Logan, who orchestrated much of Waystar Royco’s dark empire singlehandedly, has left this role to be filled. Shiv, Kendall and Roman are now filling that role, for better and mostly worse. While some have criticised this final season for feeling more like work, it is a wonder what these critics expected from a show in which the Roy siblings shifted from vying for the top job to actually having to do it. 

Out from under Logan’s influence, the Roy siblings are finally without an antagonist and the audience is without a focal point for Waystar’s wrongdoings. Their father’s ruthless apathy allowed the siblings to position themselves as “better” than their father. But this too, is gone with Logan. The reality of who the Roys are, not in relativity to their father but as people, is what remains.  

In the most recent episode, Shiv, Kendall and Roman become complicit in unlawfully influencing the process of a federal election to install fascist candidate and Waystar ally Jeryd Mencken as president. Through the Roy-owned conservative news network, Fox News — I mean, Sky News — I mean, ATN, the siblings conspire to call the election result early despite a substantial number of votes being lost in a fire. 

Roman, Shiv and Kendall each have their own reasons for backing Mencken by the episode’s end. Each of these reasons boils down to them wishing to maintain their personal wealth and influence, despite each of them being aware of the legal and social ramifications for both them and the country with a fascist in the top job. 

For Shiv, even misogyny from her brothers and the threat of a patriarchal fascist state is not enough to make her forgo her chance of power at Waystar. For all Shiv’s political posturing against her father and now her brother’s choices, she still chooses to stay in the room and fight for a seat at the table.  

Similarly, Kendall’s moral doubts over Mencken’s election centre on his adopted daughter’s experiences of racism. But when the shallowness of Shiv’s convictions is revealed, no love for his daughter is enough to deter him from backing Mencken to spite Shiv. A move he hopes will give him power to oust Shiv and Matsson from Waystar in the short-term.  

Then, of course, there’s Roman. For Roman, illegally electing a president is “a good night of television,” securing a business interest and making a powerful friend. Despite being touted as the sibling with the most empathy by Time magazine, Roman’s privilege and lust for power sees him abandon it altogether when it does not suit his interests. 

Fans are questioning why creator Jesse Armstrong teased ‘America Decides’ as the most “shocking,” episode of the series. Was it a misdirection to avoid spoiling Logan’s death in Episode 3? Perhaps. More likely, he meant that ‘America Decides’ would be the ultimate mask off moment for the Roy siblings. 

With ‘America Decides,’ Jesse Armstrong presents this context with ruthless efficiency and harrowing accuracy.
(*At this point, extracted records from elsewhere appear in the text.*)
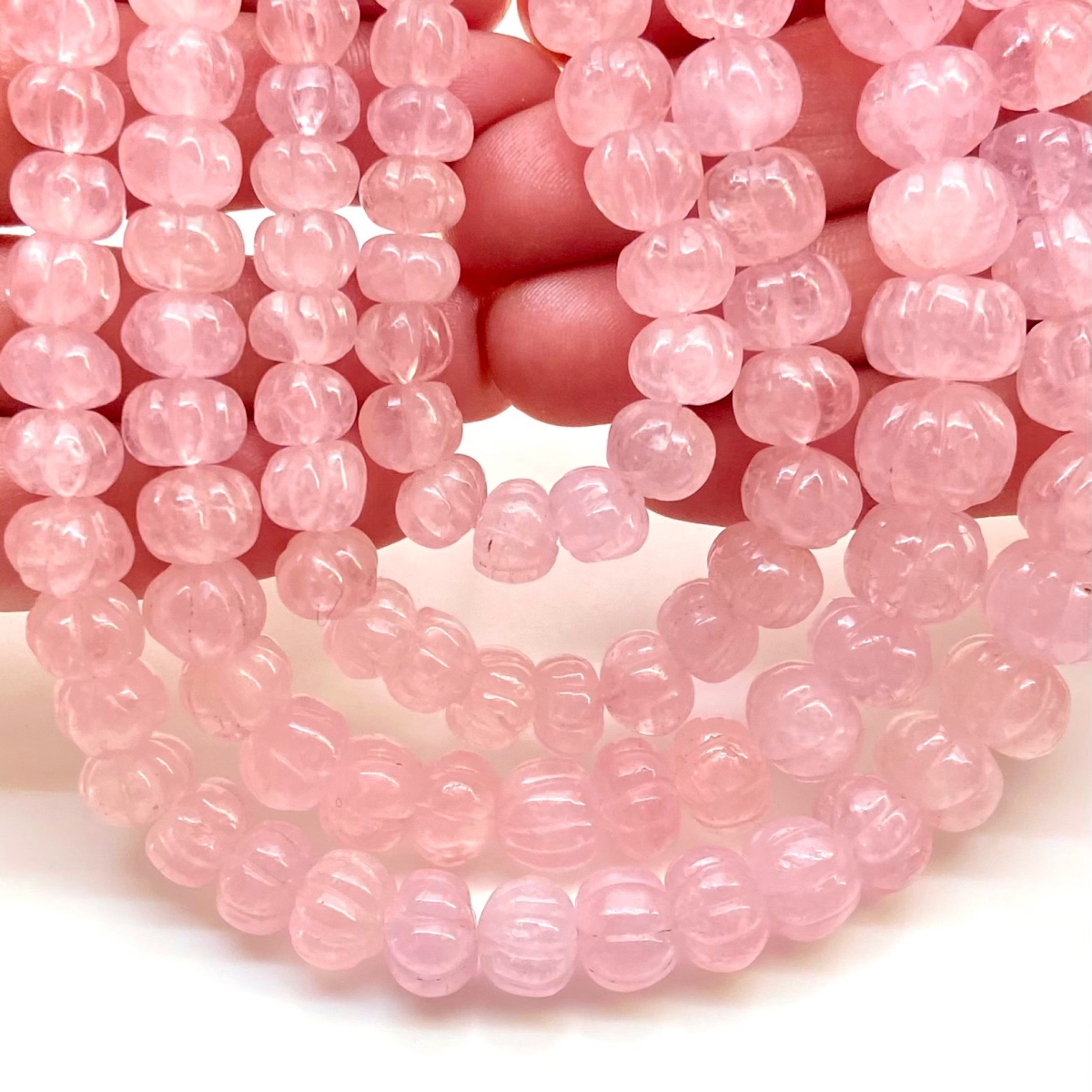 Buy This "AA" Grade Center Drilled 7-13mm Carved Melon Shape Natural Morganite (Heated) Gemstone Beads Strand. You Will Receive Approximately 59 Beads on 1 Strand of 16 Inch. With a Total Weight of 270 Cts.. This Morganite Stone is Originated From Brazil and Masterfully Handcrafted by The Experienced Artisans of Jaipur (India).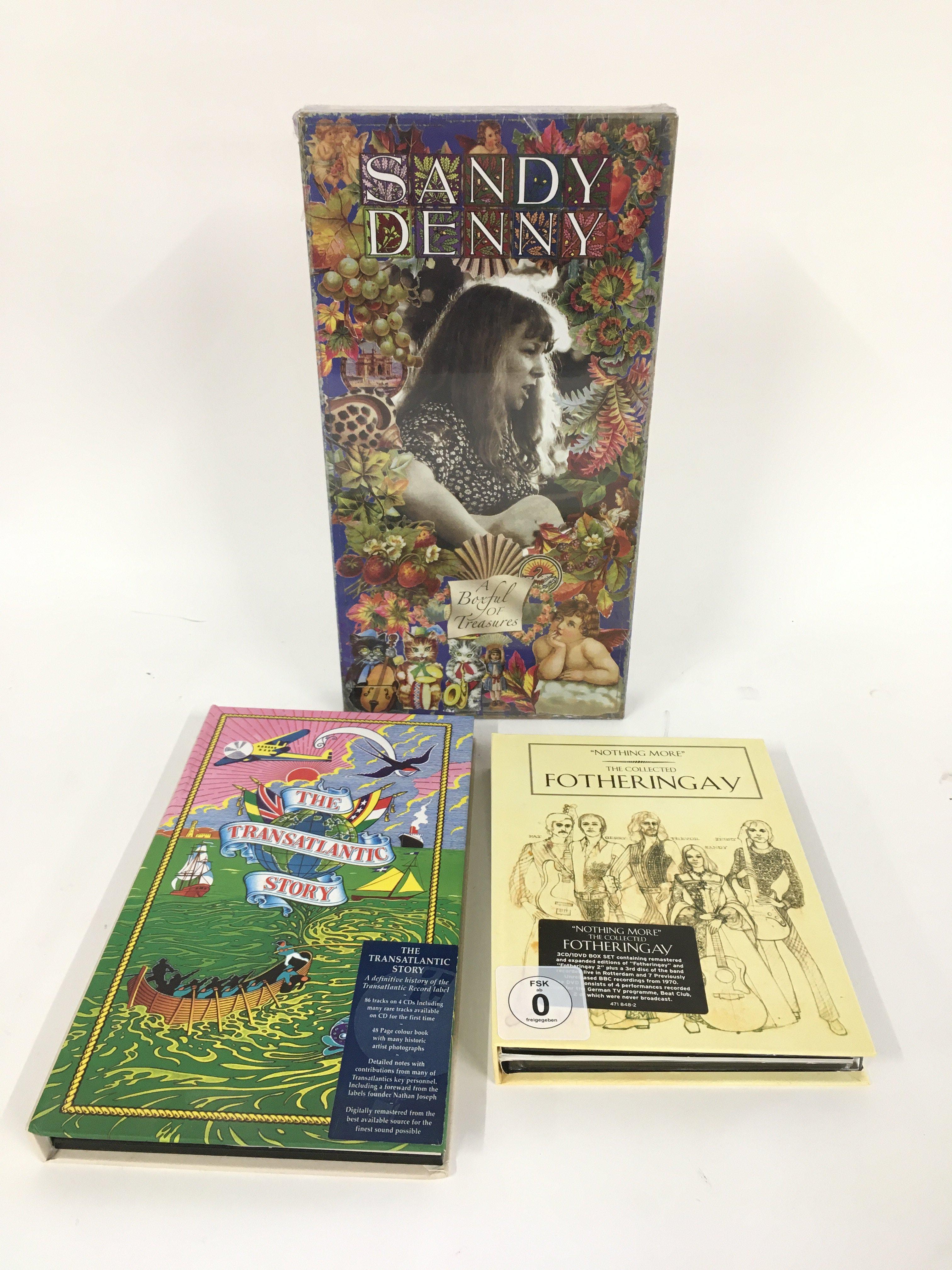 Three CD box sets comprising a sealed Sandy Denny 'A Boxful Of Treasures', Fotheringay 'Nothing More' and 'The Transatlantic Story'.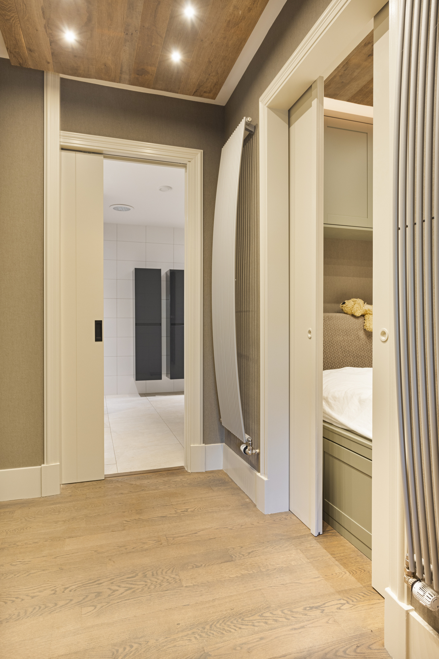 De living heeft een schitterende vloer; het is een oude kasteelvloer uit het Franse chateau van de vorige eigenaars. De huidige bewoners hebben hem mooi laten opschuren en gecoat met een verfijnde grijze vloerolie, waardoor ze naadloos in het eigentijdse interieur passen. De muziekkamer is een ruimte en-suite, gescheiden van de living middels schuifdeuren, en heeft nu de rol van een ouderwets kunstkabinet, maar dan wél eentje waarvan het binnenklimaat geheel naar wens aan te passen is. Heeft u nu geen Steinway of kunstcollectie om hier tentoon te stellen, dan is dit een heerlijke werkkamer, bibliotheek, bioscoop of eetkamer. Aansluitend links, met zicht op de tuin en het zijterras, de opkamer, die de gashaard deelt met de living. Een heerlijk hoekje om weg te kruipen met een goed boek.

What the Roy siblings have personally suffered or even believe as individuals is irrelevant to the harm brought by the institution they have fought to rule. 
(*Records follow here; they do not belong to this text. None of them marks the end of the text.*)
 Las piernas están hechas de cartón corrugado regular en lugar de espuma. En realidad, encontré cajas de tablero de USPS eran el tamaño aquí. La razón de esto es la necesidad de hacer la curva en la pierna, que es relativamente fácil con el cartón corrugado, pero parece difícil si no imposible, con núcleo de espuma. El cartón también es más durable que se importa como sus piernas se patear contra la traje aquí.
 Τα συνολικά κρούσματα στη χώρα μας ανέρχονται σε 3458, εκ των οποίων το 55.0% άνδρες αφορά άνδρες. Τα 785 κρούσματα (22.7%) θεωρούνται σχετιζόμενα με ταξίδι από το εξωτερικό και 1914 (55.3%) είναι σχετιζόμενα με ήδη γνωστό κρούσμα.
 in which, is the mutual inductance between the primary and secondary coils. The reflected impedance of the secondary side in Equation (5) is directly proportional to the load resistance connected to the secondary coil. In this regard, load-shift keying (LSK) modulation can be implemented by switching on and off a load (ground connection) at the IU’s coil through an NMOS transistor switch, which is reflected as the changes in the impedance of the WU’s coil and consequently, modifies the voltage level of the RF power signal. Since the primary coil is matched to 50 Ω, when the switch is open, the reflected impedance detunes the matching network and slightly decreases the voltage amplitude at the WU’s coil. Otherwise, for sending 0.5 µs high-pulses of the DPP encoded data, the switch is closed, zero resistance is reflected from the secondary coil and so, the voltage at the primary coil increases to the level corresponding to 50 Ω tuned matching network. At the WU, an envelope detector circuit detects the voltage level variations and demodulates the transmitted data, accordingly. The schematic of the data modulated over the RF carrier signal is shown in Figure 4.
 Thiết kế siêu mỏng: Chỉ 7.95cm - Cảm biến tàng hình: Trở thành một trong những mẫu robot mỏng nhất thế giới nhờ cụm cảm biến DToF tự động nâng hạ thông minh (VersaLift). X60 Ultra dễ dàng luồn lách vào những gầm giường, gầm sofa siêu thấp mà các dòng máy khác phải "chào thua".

There is no abuse from Logan to distract from what the Roys have chosen to do. Their capacity for love, empathy, or progressive beliefs is trumped by their desire to keep places of power in an institution that stands for none of those things. Kendall loves his daughter, Roman loves his siblings and Shiv cares about democracy — so what? In the Roys’ world where wealth and influence speak for power. Love and belief hold the least amount of value, the least amount of capital, and, after this week’s episode there is no way to unsee that big picture that now.